• [Work request]: The line with "涨幅超过300%的2家上市公" marks where to begin; print it and all lines after it in the material below exactly, skipping pictures.

--- Supplied information Enclosed Below ---

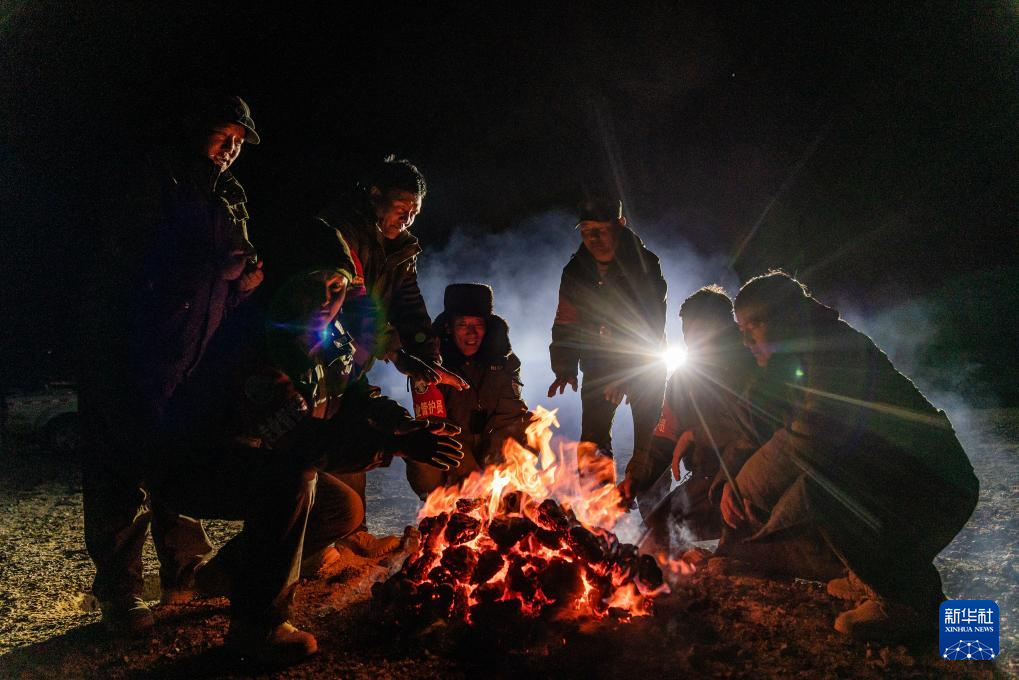 野生動物專(zhuan) 業(ye) 管護隊員在宿營地裏烤火,燃料是野犛牛的糞便(5月10日攝)。新華社記者 丁增尼達 攝
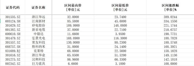 涨幅超过300%的2家上市公司分别为浙江华远、江南新材;涨幅超过200%的2家上市公司分别为矽电股份、新亚电缆;涨幅超过100%的上市公司为汉朔科技、浙江华业、胜科纳米、常友科技、弘景光电。
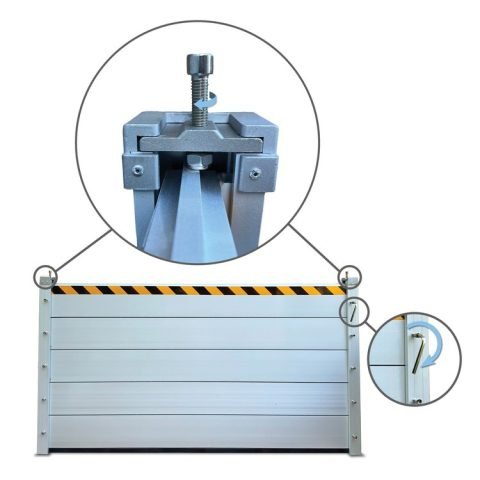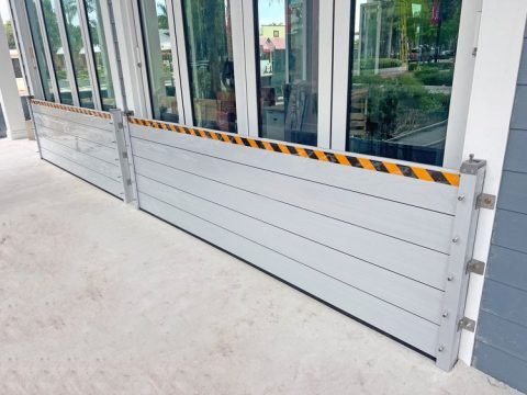 The “stop log” flood barrier is able to withstand water up to 6 feet and will protect your building, residence, or facility against all types of flooding. This flood gate system is also ideal for areas where high wind or debris is expected as the fixed posts and clamped planks are durable, rigid, and designed to handle heavy stress.

--- End of Enclosed Supplied information ---

• [Completed exercise]:
 涨幅超过300%的2家上市公司分别为浙江华远、江南新材;涨幅超过200%的2家上市公司分别为矽电股份、新亚电缆;涨幅超过100%的上市公司为汉朔科技、浙江华业、胜科纳米、常友科技、弘景光电。
 The “stop log” flood barrier is able to withstand water up to 6 feet and will protect your building, residence, or facility against all types of flooding. This flood gate system is also ideal for areas where high wind or debris is expected as the fixed posts and clamped planks are durable, rigid, and designed to handle heavy stress.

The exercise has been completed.